A Southern friend once told me that “bless his heart” is Dixie code for “he’s so stupid.” Since Dee is a Chicago gal, I figured she might mean something different. Anyway, I was too grateful to argue. Somehow the scattered pieces of our enterprise had been gathered together and we had been forged into a team—exhausted and gasping and streaming with sweat, sure, but still a team.

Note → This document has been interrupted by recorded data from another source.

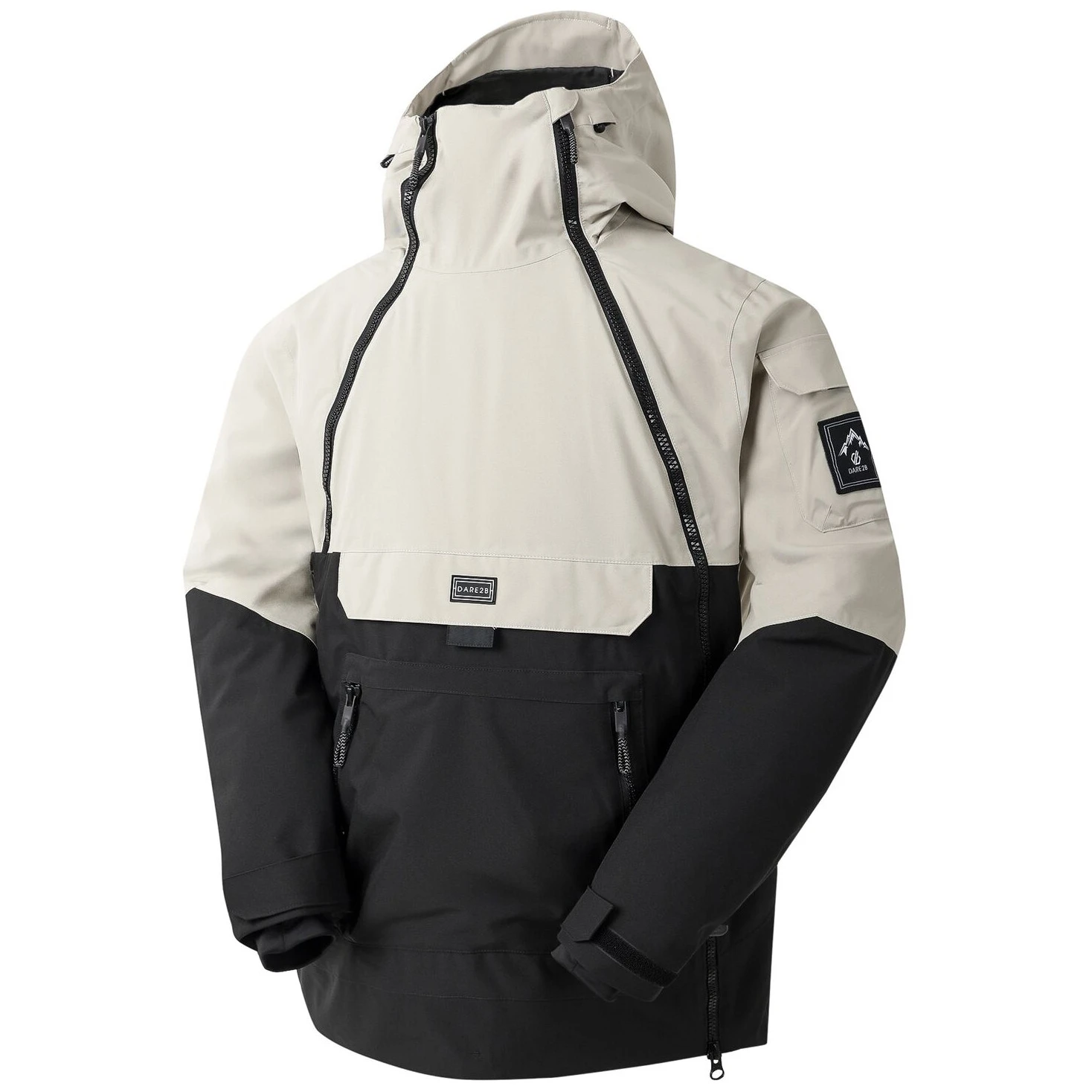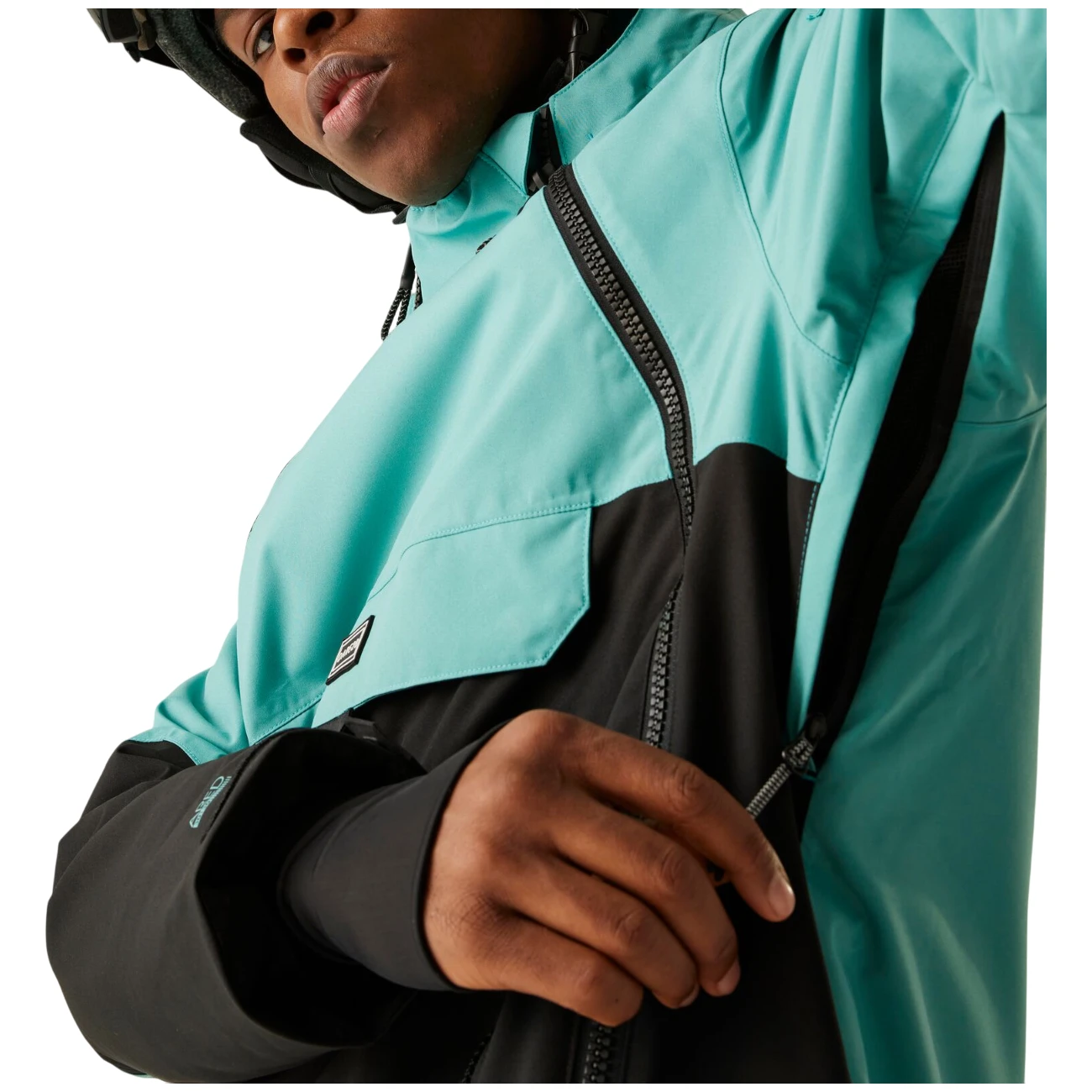 La veste est équipée d'une poche pour forfait de ski, d'une jupe pare-neige fixe avec adhérence en gel et d'une poche kangourou zippée à l'avant. Grâce aux fermetures éclair latérales pratiques, un accès facile et une meilleure manipulation sont assurés lors de l'habillage.
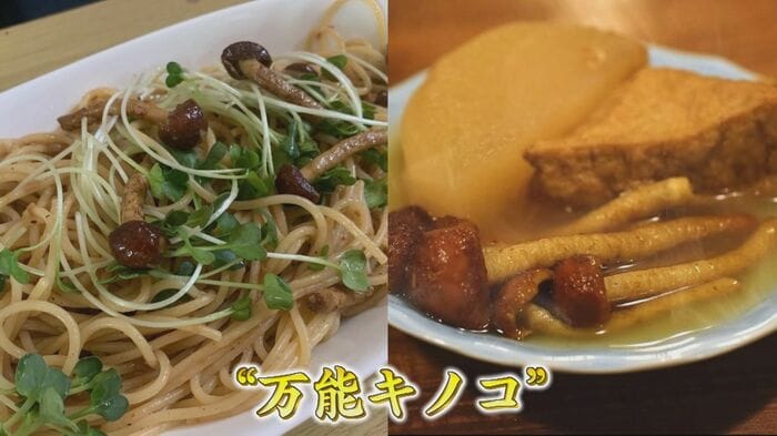 廣松さんは「二刀流です」と笑顔で胸を張り、『博多すぎたけ』は、炊き込みご飯や味噌汁など、「どんな料理にも合う“万能キノコ”」だと胸を張る。
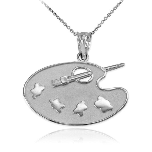 Satin Silver Painter Art Palette Pendant Necklace
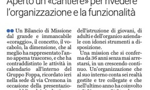 Riportiamo in allegato l'articolo del Bresciaoggi del 7 aprile 2022 che da spazio alla presentazione del Bilancio di Missione 2020/2021 del Gruppo Foppa avvenuta nella serata del 6 aprile.

And Dee, it was now blindingly apparent to me, was a woman who had found her true calling.
CHAPTER 5
The Obstacles of My Affections
Dusty and I spent a year and a half slowly building proficiency, speed, and (theoretically) mastery of the ten obstacles that comprise an agility course. I’ve alluded to these before, but, to convey exactly what mastering them involves, I’ll describe them a tad more explicitly. In no particular order, we have:
The A-frame: Two large platforms, about three feet wide, hinged together to form an A (hence the name). The dog’s job is to climb up one side, then descend the other. Sounds easy, but this baby gets steep—between five and six feet. Sometimes bigger dogs, when their center of gravity tilts too far, can find themselves skittering down on their stomachs, like it’s a waterslide.
The dog walk: Three planks, eight to twelve feet long and about a foot wide, joined so that the center plank is roughly four feet off the ground. As with the A-frame, the dog must traverse its length.
Jumps: Just to recap, several kinds are used in trials, of different materials and widths. Each bar can be raised or lowered, from eight to twenty-four inches, depending on the dog’s height at the withers. Knocking a bar off its frame is an immediate NQ. It’s also very embarrassing for the handler—sort of like farting in church.
Broad jumps: Same principle as the above, only the emphasis is on the length of the jump rather than its height. The dog jumps horizontally over a row of slats, rather than vertically over a bar.